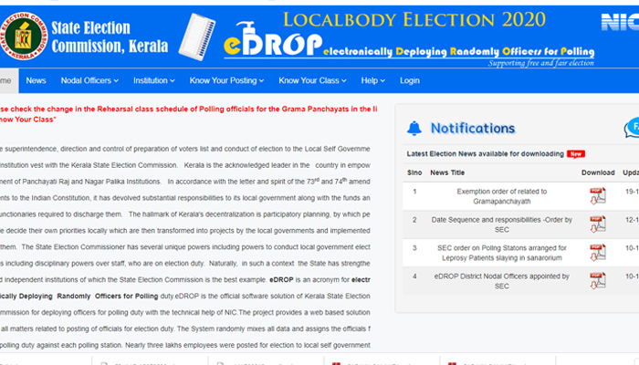 തൃശ്ശൂർ: പൊതുതിരഞ്ഞെടുപ്പിൽ പോളിങ് ഡ്യൂട്ടിക്കാവശ്യമായ പ്രിസൈഡിംഗ് ഓഫീസമാർ, ഫസ്റ്റ് പോളിങ് ഓഫീസർമാർ തുടങ്ങിയവരെ കുറ്റമറ്റ രീതിയിൽ വിന്യസിപ്പിക്കാൻ ഇ ഡ്രോപ്പ് വെബ് പോർട്ടൽ സുപ്രധാന പങ്ക് വഹിക്കുന്നു. തിരഞ്ഞെടുപ്പുകളിൽ ഉദ്യോഗസ്ഥരെ നിയമിക്കുന്നതുമായി ബന്ധപ്പെട്ട എല്ലാ പ്രശ്നങ്ങൾക്കും പരിഹാരമായാണ് നാഷണൽ ഇൻഫർമാറ്റിക്സ് സെന്റർ കേരള വെബ് അടിസ്ഥാനത്തിൽ ഇ ഡ്രോപ്പ് പോർട്ടലിന് തുടക്കം കുറിച്ചത്. (www.edrop. gov.in) ഇതോടെ വളരെ പ്രയാസമേറിയതും സമയ ബന്ധിതമായി തീർക്കേണ്ടതും പ്രയത്നം ഏറെ ആവശ്യമുള്ളതുമായ പ്രവർത്തനങ്ങൾക്കാണ് ശാശ്വത പരിഹാരമായിരിക്കുന്നത്. സംസ്ഥാന തിരഞ്ഞെടുപ്പ് കമ്മീഷൻ നിർദേശിക്കുന്ന വികേന്ദ്രീകരണ സംവിധാനത്തിലൂടെ ഈ പോർട്ടൽ വഴി സ്ഥാപന മേധാവികൾക്ക് ലോഗിൻ ഐഡി യും പാസ്സ് വേർഡും നൽകുന്നു.
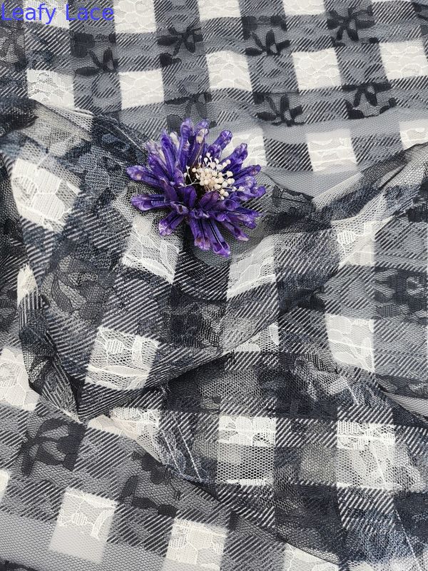 La dentelle de modèle de plaid a imprimé le tissu de dentelle a vérifié des caractéristiques rayées de dentelle de broderie :
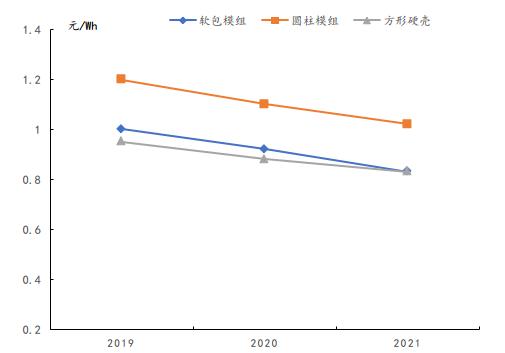 电池成本占新能车整车成本约 40%以上,电池成本直接影响整车成本。在三种形态电池中,成本因素也是影响软包、圆柱和方形硬壳市场占有率的关键要素。当前环境下,新能车整车带电量逐年提高,预计 2019 平均带电量将超过 40KWh,补贴退坡加速,车企成本压力显著增加。按目前的原材料成本发展趋势来看,三种形态的电芯模组价格会下降,2019 年三种电池组成的模组的价格在 1 元/Wh 左右。三种电芯模组中,圆柱电池模组生产工艺最为复杂,需要 7000 多颗电池串并联组成,生产效率低下,成本高企,预计到 2021 年之前其模组价格都会高于 1 元/Wh,超过了方形硬壳和软包模组;方形硬壳全年的出货量超过 50GWh,约是软包和圆柱出货量的 6 倍,其制造工艺相对成熟,电芯连续性卷绕流程,生产效率大大提高,规模化效应有效摊薄成本,成本价格目前最低。软包动力电池还处于市场早期,整体出货量小,厂商释放产能较小,成本偏高,规模效应未体现,近两年成本比方形硬壳略高,随着出货量增加,规模化效应会有效降低成本,进一步缩小与方形硬壳的价格差距。到 2021两者成本差距进一步缩小,模组价格基本一致。
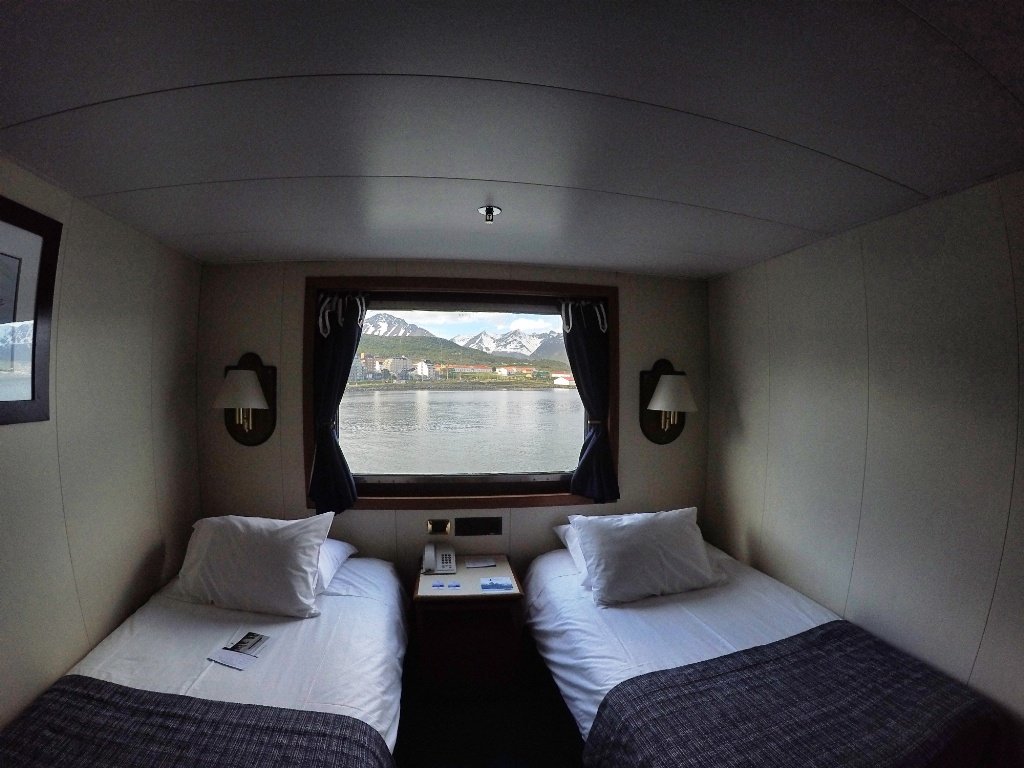 Luego del check in, pueden pasar a sus camarotes a dejar sus cosas. En el caso del Australis todos los camarotes tienen las mismas dimensiones, y cuentan con baño privado, placard y cajones donde dejar sus cosas. Antes de zarpar los invitarán a uno de los salones de la parte superior, donde hay una recepción antes de que el barco deje el puerto de Ushuaia. Si quieren probar algún trago nuevo pueden animarse con un Calafate Sour. En el tercer piso tienen un salón con vistas panorámicas, y el cuarto nivel encontrarán el bar, que realmente es un espacio muy bonito, en madera y con una gran barra. Para quienes viajan en el crucero todas las bebidas están incluidas. El bar está abierto hasta la medianoche.

- What to do: Drop the images and copy all the data exactly.

- Exercise response:
 തൃശ്ശൂർ: പൊതുതിരഞ്ഞെടുപ്പിൽ പോളിങ് ഡ്യൂട്ടിക്കാവശ്യമായ പ്രിസൈഡിംഗ് ഓഫീസമാർ, ഫസ്റ്റ് പോളിങ് ഓഫീസർമാർ തുടങ്ങിയവരെ കുറ്റമറ്റ രീതിയിൽ വിന്യസിപ്പിക്കാൻ ഇ ഡ്രോപ്പ് വെബ് പോർട്ടൽ സുപ്രധാന പങ്ക് വഹിക്കുന്നു. തിരഞ്ഞെടുപ്പുകളിൽ ഉദ്യോഗസ്ഥരെ നിയമിക്കുന്നതുമായി ബന്ധപ്പെട്ട എല്ലാ പ്രശ്നങ്ങൾക്കും പരിഹാരമായാണ് നാഷണൽ ഇൻഫർമാറ്റിക്സ് സെന്റർ കേരള വെബ് അടിസ്ഥാനത്തിൽ ഇ ഡ്രോപ്പ് പോർട്ടലിന് തുടക്കം കുറിച്ചത്. (www.edrop. gov.in) ഇതോടെ വളരെ പ്രയാസമേറിയതും സമയ ബന്ധിതമായി തീർക്കേണ്ടതും പ്രയത്നം ഏറെ ആവശ്യമുള്ളതുമായ പ്രവർത്തനങ്ങൾക്കാണ് ശാശ്വത പരിഹാരമായിരിക്കുന്നത്. സംസ്ഥാന തിരഞ്ഞെടുപ്പ് കമ്മീഷൻ നിർദേശിക്കുന്ന വികേന്ദ്രീകരണ സംവിധാനത്തിലൂടെ ഈ പോർട്ടൽ വഴി സ്ഥാപന മേധാവികൾക്ക് ലോഗിൻ ഐഡി യും പാസ്സ് വേർഡും നൽകുന്നു.
 La dentelle de modèle de plaid a imprimé le tissu de dentelle a vérifié des caractéristiques rayées de dentelle de broderie :
 电池成本占新能车整车成本约 40%以上,电池成本直接影响整车成本。在三种形态电池中,成本因素也是影响软包、圆柱和方形硬壳市场占有率的关键要素。当前环境下,新能车整车带电量逐年提高,预计 2019 平均带电量将超过 40KWh,补贴退坡加速,车企成本压力显著增加。按目前的原材料成本发展趋势来看,三种形态的电芯模组价格会下降,2019 年三种电池组成的模组的价格在 1 元/Wh 左右。三种电芯模组中,圆柱电池模组生产工艺最为复杂,需要 7000 多颗电池串并联组成,生产效率低下,成本高企,预计到 2021 年之前其模组价格都会高于 1 元/Wh,超过了方形硬壳和软包模组;方形硬壳全年的出货量超过 50GWh,约是软包和圆柱出货量的 6 倍,其制造工艺相对成熟,电芯连续性卷绕流程,生产效率大大提高,规模化效应有效摊薄成本,成本价格目前最低。软包动力电池还处于市场早期,整体出货量小,厂商释放产能较小,成本偏高,规模效应未体现,近两年成本比方形硬壳略高,随着出货量增加,规模化效应会有效降低成本,进一步缩小与方形硬壳的价格差距。到 2021两者成本差距进一步缩小,模组价格基本一致。
 Luego del check in, pueden pasar a sus camarotes a dejar sus cosas. En el caso del Australis todos los camarotes tienen las mismas dimensiones, y cuentan con baño privado, placard y cajones donde dejar sus cosas. Antes de zarpar los invitarán a uno de los salones de la parte superior, donde hay una recepción antes de que el barco deje el puerto de Ushuaia. Si quieren probar algún trago nuevo pueden animarse con un Calafate Sour. En el tercer piso tienen un salón con vistas panorámicas, y el cuarto nivel encontrarán el bar, que realmente es un espacio muy bonito, en madera y con una gran barra. Para quienes viajan en el crucero todas las bebidas están incluidas. El bar está abierto hasta la medianoche.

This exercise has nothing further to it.